I would love to hear your thoughts on the likelihood of highly skewed AI's not being recognized as such. It doesn't seem straightforward to program specific biases into these things that don't crack under scrutiny, but I am far less qualified than you to opine on such matters.

Jay Roshe's avatar

Probably the most important task in the US is to ensure that primary voters (especially in the Republican party) choose acceptable, sane candidates. As long as the fringe crazies overwhelm in the primary, we're not safe.

Chasing Ennui's avatar

Interesting idea, but I'm going to train an LLM to say "it's not my job to educate you" and "I'm so tired!"

Max F Kummerow's avatar

But all tools can be used for good or bad purposes. Didn't we used to think that social media would promote democracy, justice, and the American way of life? Why can't the trainers of AI figure out how to make them into even more effective propaganda?

Max H's avatar

It’s a very fair question. The answer is that while it’s possible, it is a lot more difficult technologically speaking. Basically, to do that, you have to train it only on data that has your specific propagandistic slant, and that dataset is likely to be too small to produce a decent general chatBot - it will just sound way too dumb and janky compared to chatGpt.

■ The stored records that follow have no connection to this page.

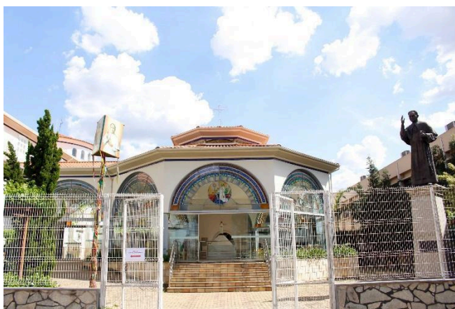
Figura 14 - Memorial. Fonte: Paróquia dos Sagrados Corações.

A igreja, assim, se torna um complexo em toda a sua estrutura da presença do Beato. É recorrente ver fiéis rezando, e fazendo orações no lado de fora do templo, no jardim ou do outro lado da rua. A Igreja é a imagem de Padre Eustáquio, não apenas o relicário, mas o edifício que carrega a imagem do Beato e seu corpo. Como assevera Franco Júnior,, “pelo contato direto com relíquias, o próprio relicário deixava a condição de objeto profano para se tornar ele mesmo sagrado” (Franco Júnior, 2010, p.19).
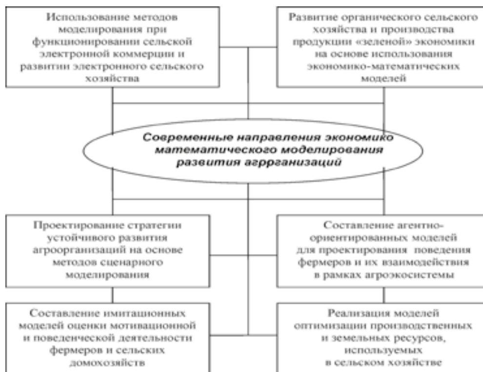
Рис. 1. Современные направления экономико-математического моделирования развития агроорганизаций

вать пространственные и временные аспекты процесса моделирования и повышает
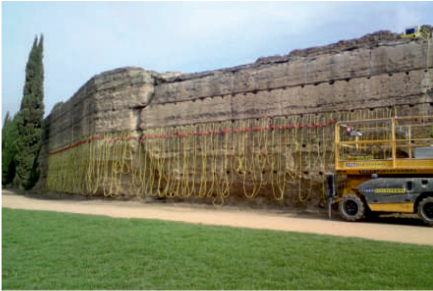
Estudio de la Muralla del Marrubial con Tomografía eléctrica.

Este estudio combinado es una herramienta muy eficaz para estudiar la geometría y extensión de ciertas patologías, tales como grietas y fracturas, y también para detectar zonas con acumulación de humedades.

Nonetheless particularly determined individuals might try using LLMs to produce artificial propaganda-laced datasets big enough to subsequently train a whole new “shitBot”. But at least the way that the technology inherently works is kind of stacked against such attempts, while with social media it’s actually the exact opposite.

Future Curio's avatar

Great piece. Social media is a regular discussion in our house. In part because as well as older children all in their 30s and 40s. We have recently navigated our teenager son to 19 - that has meant a greater level of vigilance. We are very proud of him and he has pro social values and a curious but critical eye on political matters - studies int relations and politics. I also worked in mental health and have long believed that as Noah describes, there is something qualitatively different to discourse on social media to other forms of discourse we have seen.

Mark S. Carroll's avatar

This piece is doing something I wish more “AI will fix society” posts would do. It names the incentive stack that broke the internet, then asks what a counter incentive would need to look like.

My hang-up: “moderation” is not the same thing as “truth.” Convergence can mean shared reality, or it can mean a shared, confident hallucination that sounds polite. A Digital Cronkite only works if the product earns trust with citations, uncertainty, and auditability, not just a calmer tone.

Curious where you land on one practical design question: if the platform’s feed still pays for outrage, does the assistant actually move the needle, or does it become a fact-checking garnish on top of the same attention machine?

Michael's avatar

replace 'moderation' with 'accuracy', which is a better description of what these models are built to achieve.

RunsWithScissors's avatar

Good article, Noah. On instagram, I took a digital hiatus for a year, came back and liked a few political posts. I saw nothing but radical emotionally charged content in similar themes for days afterward in a desperate lunge to keep me engaged.

I no longer have the account.

Buzen's avatar

I think having AI add facts will moderate some political discussions. One example lately is both sides of the SAVE act being debated in the Senate. Senators from both parties frequently put out statements that misrepresent what’s in the bill. Democrats will say - nobody will be able to vote because everyone will need to bring a passport to vote in person, or Republicans will say just like a hotel or bar you need to just show any ID to vote. Actually it requires proof of citizenship only for new voter registrations, and a specified set of IDs will be required to vote in person, but eliminating mail-in voting is just an amendment Trump is demanding, but not actually in the current bill.

When the pols put these incorrect “facts” into a tweet, they’ll get lots of supporters reinforcing the argument, or the other side coming back with their also false talking points, whereas @grok will just calmly explain what is actually in the bill.